Полугорсть бытия, говорящая плоть — Это, Господи, я, черновик твой, Господь. ...Это, Господи, я — превратившийся в слух распоследний солдат и последний пастух, это я — зрячий посох, слепая картечь... Это, Господи, я, обратившийся в речь, блудный сын, выкликающий отчий порог, как поющая тварь и мычащий пророк...
Краткий фрагмент из действительно сильного стихотворения — и сколько на узком отрезке мерцающих на разные лады знаков слуха, зрения, затрудненного творчества! Говорить — выкликать — обращаться в речь — петь — мычать… Заметим, что все это глаголы не самоутверждения, но самовыражения.
Итак, слова “провинция”, “провинциальный” в нашем языке коварно слоятся: географически это означает попросту местность, отдаленную от столиц, а оценочно давно перекочевало в высокомерный негатив: провинциально — значит, наивно, отстало, жеманно, несерьезно. Игорь Шкляревский, разумеется, не может не чувствовать эту языковую каверзу и наверняка вынес ее в заглавие специально. Вполне можно было бы избежать метонимий и назвать книжку, например, “Поэзия русской провинции”. Но на то он и создатель, а не просто составитель антологии: и в названии книги, и в отборе стихов сквозит и гордость не обуржуазившегося интеллигента родом из глубинки, и усмешка по отношению к кичливым временщикам, и упорная незамутненность преходящей модой. Посему отбор (а Шкляревский, как явствует из его преамбул к циклам и разделам, прошерстил множество рукописей, подборок, газетных подшивок, сборников) оставляет впечатление весьма целеустремленного фильтра. Ни йоты того, что Иван Гончаров язвительно назвал “провинциальной замашкой выдавать свои товары за столичные”. Ни йоты ширпотребного авангарда, или обэриутистого китча, или рациональной “зауми”… Кстати, последняя до недавних пор концентрировалась в Тамбове (АЗ — академия зауми) под эгидой неистово яркого Сергея Бирюкова, пока тот не переехал в Германию… В общем, и провинция, и традиция, и новаторство — понятия вовсе не географические, они — вне прописки… (Параллельно с антологией Шкляревского читала “Поденные записи” Д. Самойлова и наткнулась на запись 1980 года: “Провинциальность — форма жизни; провинциализм — способ мышления”.)

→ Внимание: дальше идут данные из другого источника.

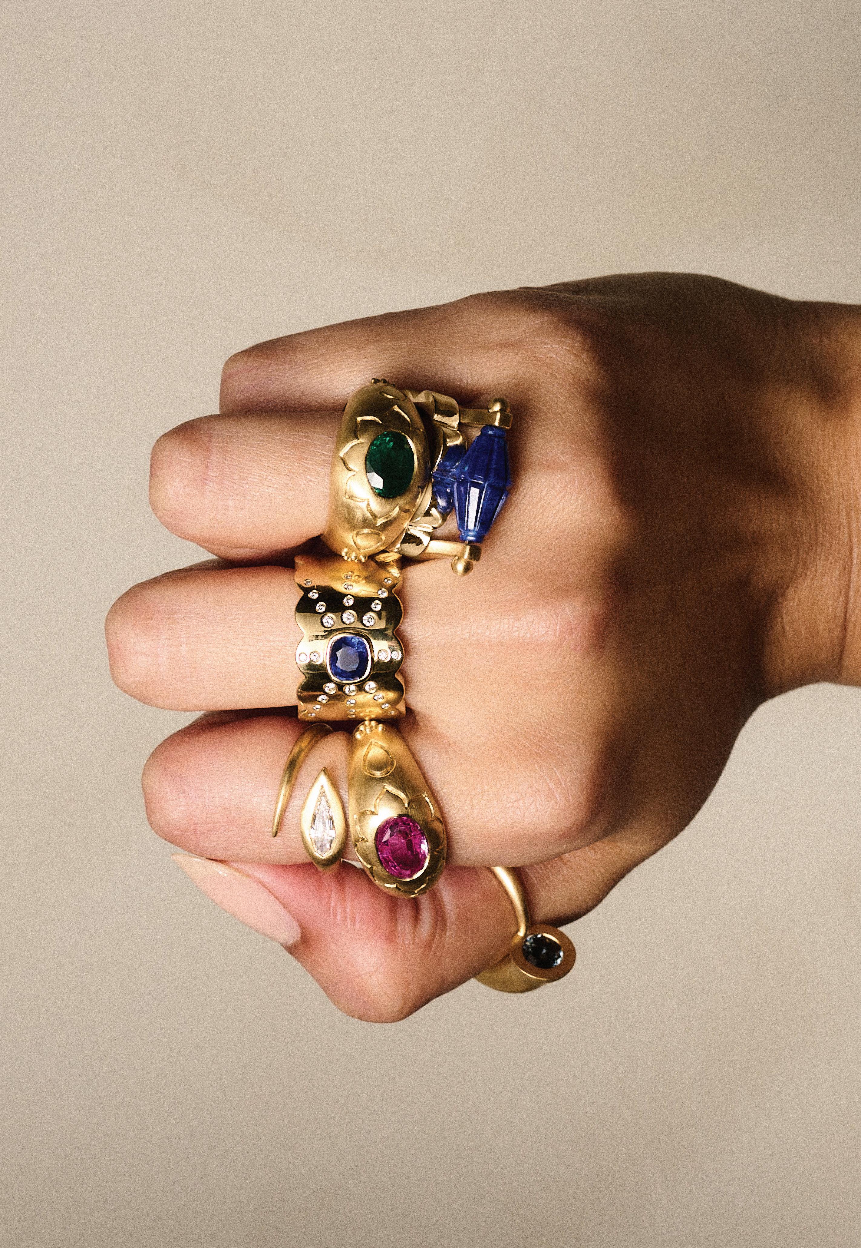JHAROKHA CIGAR BANDS Sapphire, Emerald, VVS Diamonds & 18k Gold

Пространство, выстроенное в “Провинциальной поэзии”, по способу мышления на сегодня, я думаю, более дерзновенно и раритетно, нежели провинциалистски наработанный постмодерн. Эта тоненькая книга с отвагою противостоит эстетической конъюнктуре. Как пишет Леонард Тушинский (Сумы):
...Здесь тонко скрипят половицы, И ходики тикают глухо. Здесь время всю ночь в паутине Звенит, словно сонная муха. Здесь хочется быть неподвижным, Забыться внимательно снова, Чтоб в мире таинственном, тёмном Ни взгляда, ни жеста, ни слова. Чтоб только берёзы и звёзды, Чтоб ходики, яблоки, мыши... Чтоб ветки, набрякшие небом, Берёзы таскали по крыше.

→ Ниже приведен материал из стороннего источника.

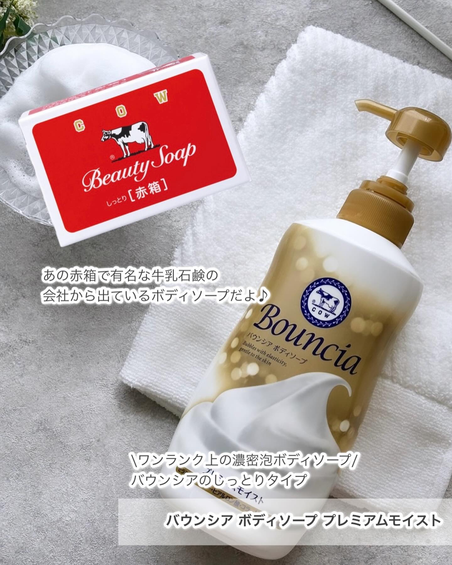 牛乳石鹸さまからいただきました🐄⸒⸒〖バウンシアボディソーププレミアムモイスト〗「バウンドするような泡」という意味がこめられた、牛乳石鹸のボディソープブランド“バウンシア”🤍1PUSHでしっかりと泡立ち、もっちり濃厚クリーム泡で摩擦レスで肌を...
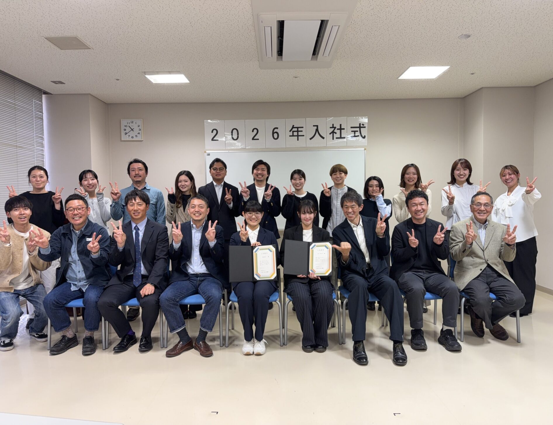 入社式写真の真ん中左です。
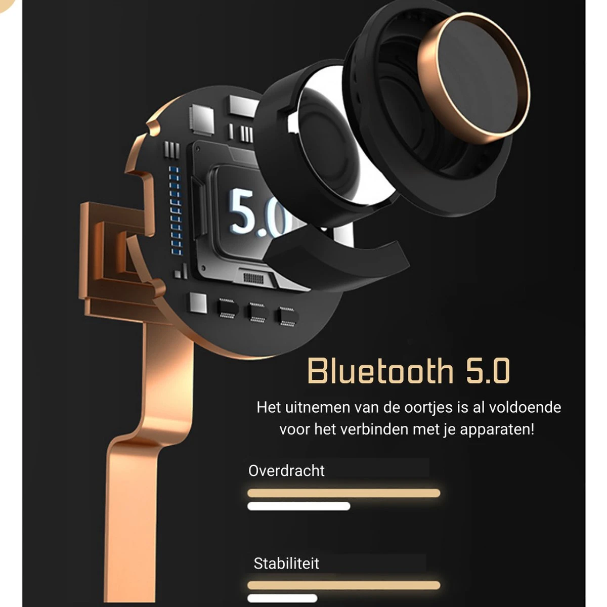 ● Bluetooth 5.0: Door de nieuwe versie van bluetooth 5.0 beschik je over de snelst mogelijke koppeling, haal de oortjes uit de oplaadcase en ze zijn verbonden!
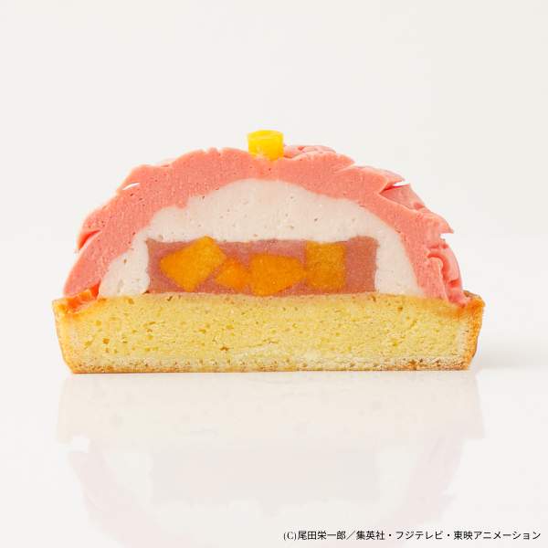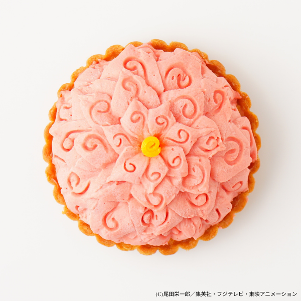 通称“悪魔の子”ニコ・ロビンが口にした「ハナハナの実」を再現し、ピンク色に仕上げたスイーツ。エシレバターを使用してしっとり焼き上げたタルト台の上には、なめらかな桃のムース。

Отметим неслучайный оксюморон-парадокс “внимательно забыться” — очень важный для нашей антологии и словно бы продолжающий установку Жуковского на то, что “лишь молчание понятно говорит”. Неслучайно как символ времени дважды помянуты старомодные и якобы провинциальные ходики — стенные часы простого устройства с гирями, тикающие и отражающие ход времени лишь при неусыпном патронаже недремлющего человека.
Поэты, представленные в антологии, очень не похожи друг на друга: у каждого — свой опыт, своя степень зрелости, своя нота. Однако есть и сквозные ведущие знаки принадлежности к единой “школе”: все они — элегисты, все ограничиваются тремя-четырьмя строго традиционными размерами (ни единого верлибра или дольника), все продолжают линию Фета и Бунина, которая и на исходе ХХ века не иссякла: создали свои “ветки” тот же Шкляревский, Чухонцев и еще, пожалуй, Кекова. Общий для поэтов антологии колорит — это, если вспомнить пастернаковскую формулу, “осенние сумерки Чехова, Чайковского и Левитана”. Кочующие из цикла в цикл слова, образы, символы — небо, ночь, звезда, огни (фонарь, луч, костер), мрак, тьма, душа, тишина, — в которых эти лирики, меж собою по преимуществу и не знакомые, видят, не сговариваясь, единственную бытийную опору.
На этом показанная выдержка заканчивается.